Back to Molly Rocket Molly Rocket
Molly Rocket games and everything even tangentially related
 

  FAQFAQ  SearchSearch  UsergroupsUsergroups 
Log inLog in  RegisterRegister
 

Hardware/API improvements to help
Goto page 1, 2  Next
 
Post new topic Reply to topic    Molly Rocket Forum Index -> Sparse Virtual Texturing
View previous topic :: View next topic  
Author Message
icastano



Joined: 01 Jul 2007
Posts: 32

PostPosted: Fri Feb 22, 2008 8:19 am    Post subject: Hardware/API improvements to help Reply with quote

Sean, your lecture was pretty good, the best I've seen so far at GDC this year. I'm sorry I had to leave in the middle of it, but I had to catch my train back home. I didn't get the chance to ask you some questions, but here it goes:

- What extensions to the graphics pipeline/api would you propose to accelerate this application?

- Something that would come to mind is a mechanism to find out what texture data you need, and avoid the CPU readback. Do you have any suggestion of how that mechanism should look like?
Back to top
View user's profile
sean



Joined: 01 Feb 2005
Posts: 1392
Location: Kirkland WA

PostPosted: Sun Feb 24, 2008 3:58 am    Post subject: Reply with quote

icastano wrote:
Sean, your lecture was pretty good, the best I've seen so far at GDC this year.


Thank you!

Quote:
What extensions to the graphics pipeline/api would you propose to accelerate this application?

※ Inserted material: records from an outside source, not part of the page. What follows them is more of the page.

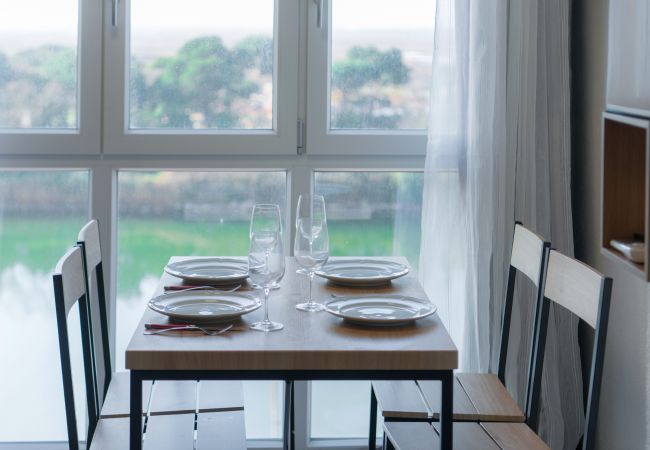 Dieses komplett renovierte Studio für 2 Personen ist eine ideale Wohnung, um die berühmte Stadt Empuriabrava kennenzulernen und zu genießen. Es befindet sich im 7. Stock der ersten Strandlinie und bietet einen unschlagbaren Blick. Auf der Terrasse finden Sie Tisch und Stühle, um ein Abendessen am Meer zu genießen und sich am Meer zu sonnen, ohne die Wohnung zu verlassen. Die Wohnung verfügt über ein Wohn-Esszimmer mit Stühlen und einem Tisch. Die Küche ist mit allem ausgestattet, was Sie brauchen, um Gerichte für jeden Geschmack zuzubereiten.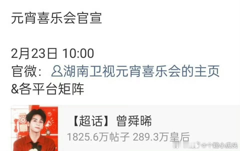 曾舜晞湖南卫视元宵喜乐会预热啦!会不会唱浆果?好期待👏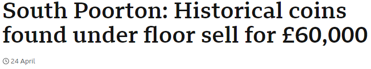 比如2022年,北约克郡小村Ellerby一对夫妻在装修厨房的时候挖出了古钱币,最后卖了75.4万英镑。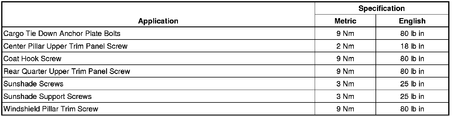 Interior Trim - Fastener Tightening Specifications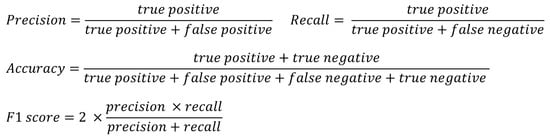 In this study, four indicators were used to confirm the performance of the experimental results as shown in Figure 3: precision, recall, accuracy, and F1 score. These are indicators that are widely used in diagnostic research, and it is possible to compare the predicted results with the actual results and also evaluate the validity of the model. For the three different classification tasks covered in the study, a classification model was generated as described above, and the result of analyzing the test dataset using this is shown as a confusion matrix. Using the corresponding results, it is possible to calculate the precision, recall, accuracy, and F1 score indicators for performance confirmation.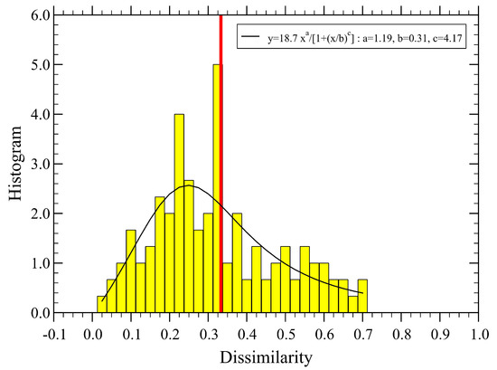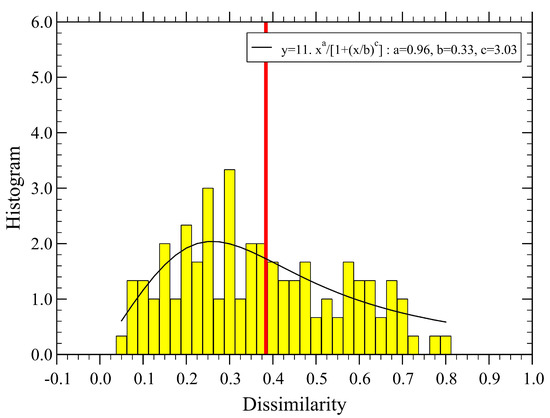 Probability density distribution of dissimilarity, corresponding to the values used in Figure 6. We find (vertical red line). The continuous line is a fit with the form , with the normalization constant and the fit parameters , and .

I'm not sure anything specific is needed on the API front. A lot of the things in the implementation work in a way that seems to be really the obvious "right" way. It would be cool if there was someway to avoid needing to pad the edge of pages, because the hardware could fetch from the other pages (at greater cost, but it's infrequent), but the complexity of that is huge and doesn't seem worth it.

I'm not sure where the biggest costs in the pipeline are, since I didn't work very hard on optimization. One obvious thing for high quality is that I take the partial derivatives of the original texture coordinates, and then use those to drive the sampling of a later stage (after a simple rescaling). I assume hardware computing mipmapping for real textures doesn't use finite differences for the coordinates, but analytically. It would be nice if the pipeline allowed, and the compiler was smart enough, that it could forward the analytic derivatives from the texture coordinates to the later sample operation, so they wouldn't need to be recomputed. (Maybe they already do this, I don't know.)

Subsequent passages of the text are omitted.